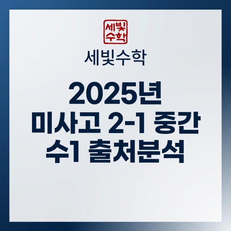 안녕하세요~ 미사수학학원 세빛수학입니다. 가정의 달 5월, 행사도 많고 마음도 들뜨기 쉬운 시기죠? 하지만 우리 미사고등학교 학생들은 중간고사가 끝났다고 마냥 쉴 수만은 없어요. 미사고 내신은 한 번의 시험으로 끝나는 게 아니라, 자신의 약점을 분석하고 기말고사를 완벽히 대비하는 훌륭한 나침반이 되기 때문이에요. 오늘은 수학 교육 전문가의 매서운 시선으로, 2025년 미사고 2학년 1학기 수학1 중간고사 시험지를 낱낱이 파헤쳐 드릴게요. 대충 요약하는 뻔한 리뷰가 아닙니다. 기출문제 하나하나의 연계 출처와 변형 포인트를 모조리 분리해서 분석했습니다. 미사고 내신을 준비하는 학생과 학부모님들, 두 눈 크게 뜨고 따라와 주....... <img src="https://blogthumb.pstatic.net/MjAyNjAzMjlfMjI1/MDAxNzc0Nzc5NzQzMjkz.MRViZ_k-Ye92Q1Q8IcHKglBcgh2gyITWmC81_dDk4ZAg._ZQmPGL3gpS6a81BouZ2cCgoA0DbxqhkH81UU-usCkcg.JPEG/865e0acc-aed2-4e19-9c63-9fbc3468a03e.jpg?type=s3" />
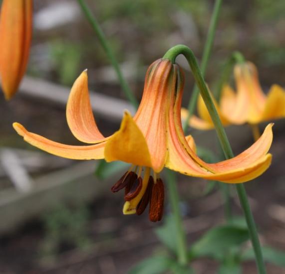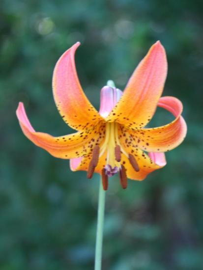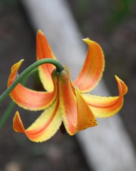 Lilium columbianum Leichtlin grows from Northern California north to Canada. Flowers are golden yellow to bright orange with dark purple spots or blotches and up to 30 flowers per stem. Height: to about 4 ft. In photo 1 by Ron Moodycliffe the flowers are golden yellow. Photos 2-4 are from Richard Haard. The last shows germinating seeds: 30 days warm strat (50 °F) then 2 weeks cool (40 °F). Photo 5 of a bulb by Pontus Wallstén.
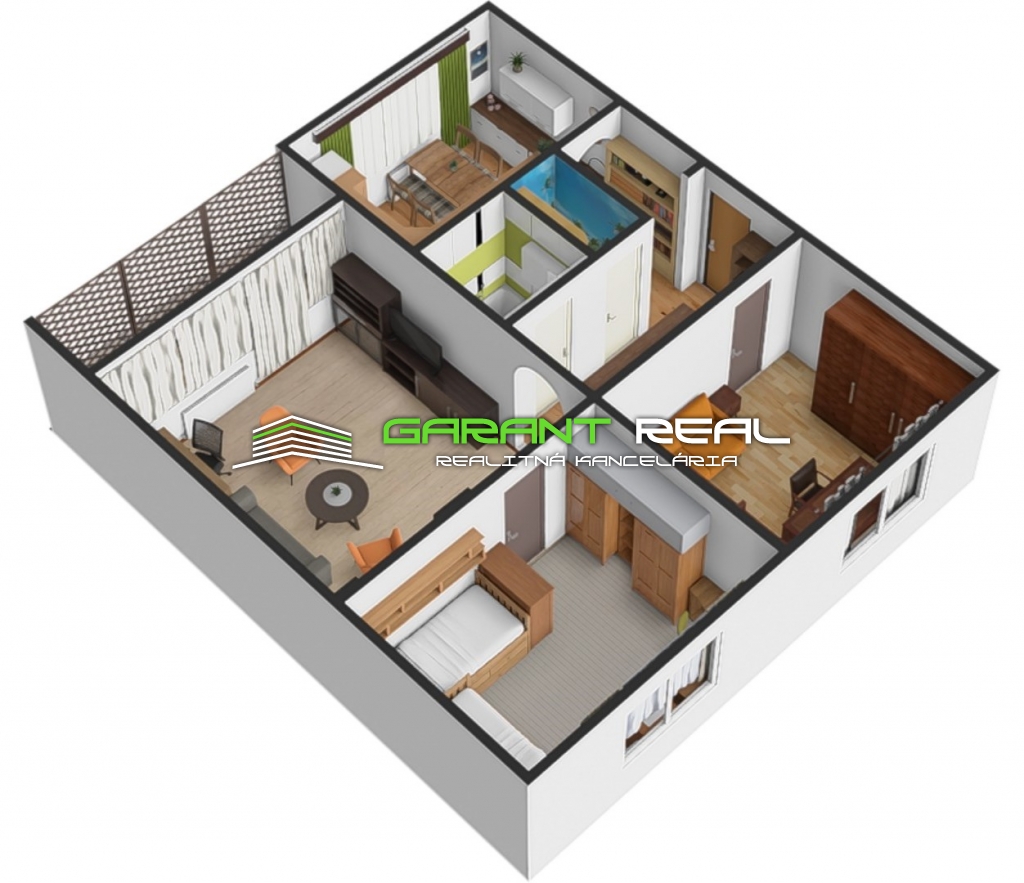 - z obývacej izby je riešená priestranná loggia 7,5 m2, zamrežovaná

++++++

→ WORK TO COMPLETE:
The data above should be repeated in full and exactly, with no pictures carried over.

→ SOLUTION:
 안녕하세요~ 미사수학학원 세빛수학입니다. 가정의 달 5월, 행사도 많고 마음도 들뜨기 쉬운 시기죠? 하지만 우리 미사고등학교 학생들은 중간고사가 끝났다고 마냥 쉴 수만은 없어요. 미사고 내신은 한 번의 시험으로 끝나는 게 아니라, 자신의 약점을 분석하고 기말고사를 완벽히 대비하는 훌륭한 나침반이 되기 때문이에요. 오늘은 수학 교육 전문가의 매서운 시선으로, 2025년 미사고 2학년 1학기 수학1 중간고사 시험지를 낱낱이 파헤쳐 드릴게요. 대충 요약하는 뻔한 리뷰가 아닙니다. 기출문제 하나하나의 연계 출처와 변형 포인트를 모조리 분리해서 분석했습니다. 미사고 내신을 준비하는 학생과 학부모님들, 두 눈 크게 뜨고 따라와 주....... <img src="https://blogthumb.pstatic.net/MjAyNjAzMjlfMjI1/MDAxNzc0Nzc5NzQzMjkz.MRViZ_k-Ye92Q1Q8IcHKglBcgh2gyITWmC81_dDk4ZAg._ZQmPGL3gpS6a81BouZ2cCgoA0DbxqhkH81UU-usCkcg.JPEG/865e0acc-aed2-4e19-9c63-9fbc3468a03e.jpg?type=s3" />
 Lilium columbianum Leichtlin grows from Northern California north to Canada. Flowers are golden yellow to bright orange with dark purple spots or blotches and up to 30 flowers per stem. Height: to about 4 ft. In photo 1 by Ron Moodycliffe the flowers are golden yellow. Photos 2-4 are from Richard Haard. The last shows germinating seeds: 30 days warm strat (50 °F) then 2 weeks cool (40 °F). Photo 5 of a bulb by Pontus Wallstén.
 - z obývacej izby je riešená priestranná loggia 7,5 m2, zamrežovaná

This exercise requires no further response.